On 2019/1/31 12:33, Tom Herbert wrote:
> On Wed, Jan 30, 2019 at 6:59 PM maowenan <maowenan@...wei.com> wrote:
>>
>>
>>
>> On 2019/1/31 10:43, Tom Herbert wrote:
>>> On Wed, Jan 30, 2019 at 5:58 PM maowenan <maowenan@...wei.com> wrote:
>>>>
>>>>
>>>>
>>>> On 2019/1/30 4:24, Tom Herbert wrote:
>>>>> On Tue, Jan 29, 2019 at 12:08 AM maowenan <maowenan@...wei.com> wrote:
>>>>>>
>>>>>>
>>>>>>
>>>>>> On 2019/1/29 14:24, Tom Herbert wrote:
>>>>>>> On Mon, Jan 28, 2019 at 10:04 PM maowenan <maowenan@...wei.com> wrote:
>>>>>>>>
>>>>>>>>
>>>>>>>>
>>>>>>>> On 2019/1/29 12:01, Tom Herbert wrote:
>>>>>>>>> On Mon, Jan 28, 2019 at 7:00 PM maowenan <maowenan@...wei.com> wrote:
>>>>>>>>>>
>>>>>>>>>> Hi all,
>>>>>>>>>> Do you have any comments about this change?
>>>>>>>>>>
>>>>>>>>>>
>>>>>>>>>> On 2019/1/23 11:33, Mao Wenan wrote:
>>>>>>>>>>> When udp4_gro_receive() get one packet that uh->check=0,
>>>>>>>>>>> skb_gro_checksum_validate_zero_check() will set the
>>>>>>>>>>> skb->ip_summed = CHECKSUM_UNNECESSARY;
>>>>>>>>>>> skb->csum_level = 0;
>>>>>>>>>>> Then udp_gro_receive() will flush the packet which is not CHECKSUM_PARTIAL,
>>>>>>>>>>> It is not our expect, because check=0 in udp header indicates this
>>>>>>>>>>> packet is no need to caculate checksum, we should go further to do GRO.
>>>>>>>>>>>
>>>>>>>>>>> This patch changes the value of csum_cnt according to skb->csum_level.
>>>>>>>>>>> ---
>>>>>>>>>>> include/linux/netdevice.h | 1 +
>>>>>>>>>>> 1 file changed, 1 insertion(+)
>>>>>>>>>>>
>>>>>>>>>>> diff --git a/include/linux/netdevice.h b/include/linux/netdevice.h
>>>>>>>>>>> index 1377d08..9c819f1 100644
>>>>>>>>>>> --- a/include/linux/netdevice.h
>>>>>>>>>>> +++ b/include/linux/netdevice.h
>>>>>>>>>>> @@ -2764,6 +2764,7 @@ static inline void skb_gro_incr_csum_unnecessary(struct sk_buff *skb)
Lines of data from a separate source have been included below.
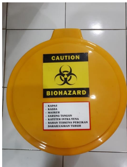
Gambar 10. Label mengenai jenis limbah yang dapat dibuang dalam tempat berwarna kuning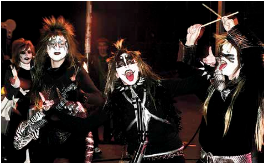
Mozorro-lehiaketa bi egongo dira: bata, helduentzat, eta bestea, umeentzat.

Udal erakundeagaz batera , MUGI Leioako Gazteak eta Maritxu Teilagorri elkarteak dabiltza ospakizunak antolatzen; ume zein helduentzako jarduerak egongo dira.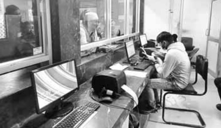
एक ही ऑपरेटर के हवाले सेकड़ों मरीजों के कार्ड।

सिस्टम लागू होने के बाद जब तक अस्पताल से डिसचार्ज मरीज की फाइल कम्प्यूटर पर नहीं चढ़ती, तब तक मरीज आधार कार्ड या फोन नम्बर से दूसरा कार्ड नहीं बनवा सकता। वहीं मरीज को भर्ती करते समय पुनः ओपीडी कार्ड के नम्बर के आधार पर ही भर्ती किया जाता है। वह मरीज जब दोबारा इलाज को आते हैं तो मरीजों को कहा जाता है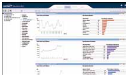
Übersicht Angriffe Mithilfe der SonicWALL Abo-Services lassen sich Informationen über abgewehrte Angriffe abrufen.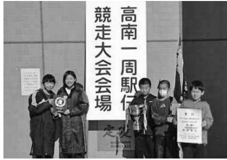
小学生の部(地区対抗) 2年ぶりの優勝!

目を迎える新たな出発となります。この地区も高齢化が進み、各事業についての実施方法、内容をより充実した形となるよう工夫したいと思えます。今後皆様のご支援、ご協力をお願いいたします。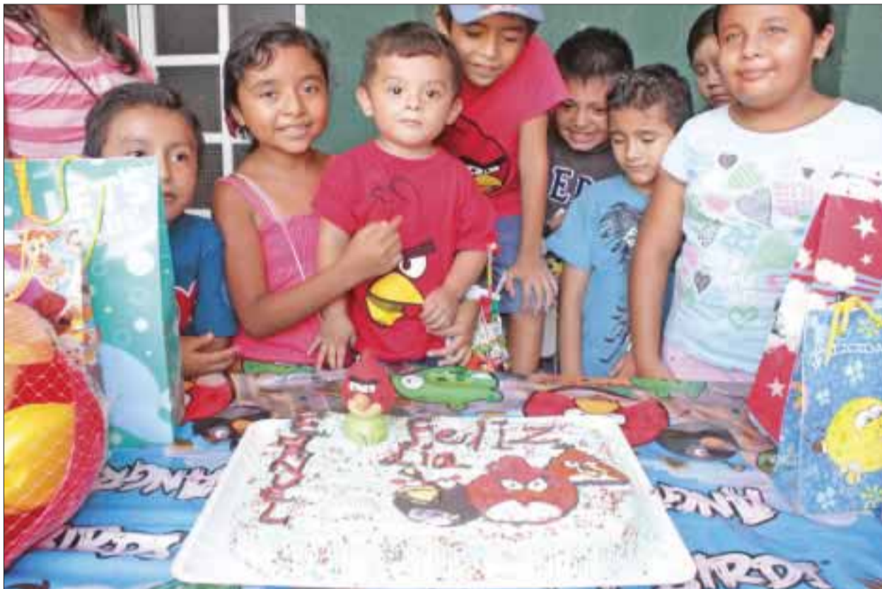
Familiares y amigos cantando "Las mañanitas".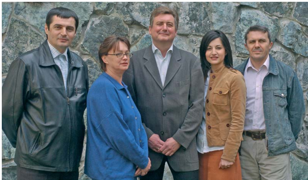
FES tim za radne odnose i socijalni dijalog

O d pre dve godine počela je sa radom još jedna, regionalna kancelarija Fondacije Fridrih Ebert, čiji su prioriteti unapređenje radnih odnosa i pitanje socijalnog dijaloga u Jugoistočnoj Evropi. Saradnja sa sindikatima i njihovim socijalnim partnerima spada među ključne zadatke Fondacije Fridrih Ebert. Zbog toga su još 1990. god. uspostavljeni projekti za sindikalnu saradnju u Srednjoj i Jugoistočnoj Evropi.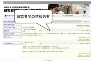
図 3. 機器毎の掲示板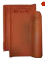
rood rustiek engobe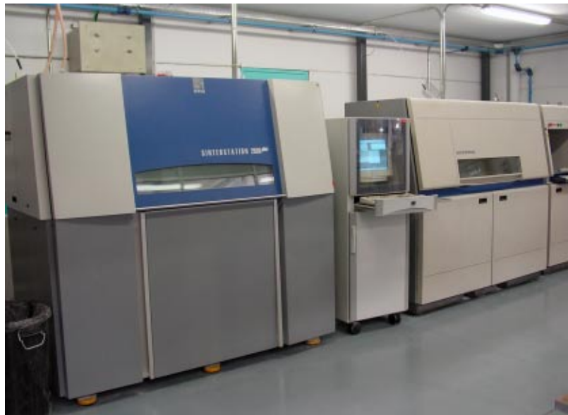
Máquinas SLS (DTM 2000 y 2500+).

R.A.: No es necesario estar cerca. Es cierto que el cliente, por comodidad, tiende a la proximidad, pero nosotros tenemos clientes en Andalucía, Galicia, Asturias o País Vasco. E incluso hemos enviado piezas a Holanda e Inglaterra que han llegado antes de las 10 de la mañana del día siguiente del envío.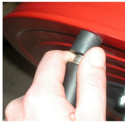
eenvoudige bediening voor het opwickelen

>>>>>>>>>>> * during GRO. This saves work if we fallback to normal path.
>>>>>>>>>>> */
>>>>>>>>>>> __skb_incr_checksum_unnecessary(skb);
>>>>>>>>>>> + NAPI_GRO_CB(skb)->csum_cnt = skb->csum_level + 1;
>>>>>>>>>
>>>>>>>>> That doesn't look right. This would be reinitializing the GRO
>>>>>>>>> checksums from the beginning.
>>>>>>>>>
>>>>>>>>>>> }
>>>>>>>>>>> }
>>>>>>>>>>>
>>>>>>>>>>>
>>>>>>>>>>
>>>>>>>>> I assume the code is bailing on this conditional:
>>>>>>>>>
>>>>>>>>> if (NAPI_GRO_CB(skb)->encap_mark ||
>>>>>>>>> (skb->ip_summed != CHECKSUM_PARTIAL &&
>>>>>>>>> NAPI_GRO_CB(skb)->csum_cnt == 0 &&
>>>>>>>>> !NAPI_GRO_CB(skb)->csum_valid) ||
>>>>>>>>> !udp_sk(sk)->gro_receive)
>>>>>>>>> goto out_unlock;
>>>>>>>>>
>>>>>>>>> I am trying to remember why this needs to check csum_cnt. If there was
>>>>>>>>> a csum_cnt for the UDP csum being zero from checksum-unnecessary, it
>>>>>>>>> was consumed by skb_gro_checksum_validate_zero_check in UDP4 GRO
>>>>>>>>> received.
>>>>>>>>
>>>>>>>> We have met the scene about two VMs in different host with vxlan packets, when udp4_gro_receive receives
>>>>>>>> one packet with ip_summed=CHECKSUM_NONE,csum_cnt=0,csum_valid=0,and udp->check=0, then skb_gro_checksum_validate_zero_check()->
>>>>>>>> skb_gro_incr_csum_unnecessary() validate it and set ip_summed=CHECKSUM_UNNECESSARY,csum_level=0, but csum_cnt and csum_valid
>>>>>>>> keep zero value. Then it will be flushed in udp_gro_receive(), the codes as you have showed.
>>>>>>>>
>>>>>>>> so I think it forgets to modify csum_cnt since csum_level is changed in skb_gro_incr_csum_unnecessary()->__skb_incr_checksum_unnecessary().
>>>>>>>>
>>>>>>> Yes, but the csum_level is changing since we've gone beyond the
>>>>>>> checksums initially reported inc checksum-unnecessary. GRO csum_cnt is
>>>>>>> initialized to skb->csum_level + 1 at the start of GRO processing.
>>>>>>>
>>>>>>> If I recall, the rule is that UDP GRO requires at least one non-zero
>>>>>>> checksum to be verified. The idea is that if we end up computing
>>>>>>> packet checksums on the host for inner checksums like TCP during GRO,
>>>>>>> then that's negating the performance benefits of GRO. Had UDP check
>>>>>>> not been zero then we would do checksum unnecessary conversion and so
>>>>>>> csum_valid would be set for the remainded of GRO processing. The
>>>>>>> existing code is following the rule I believe, so this may be working
>>>>>>> as intended.
>>>>>>
>>>>>> Do you have any suggestion if I need do GRO as udp->check is zero?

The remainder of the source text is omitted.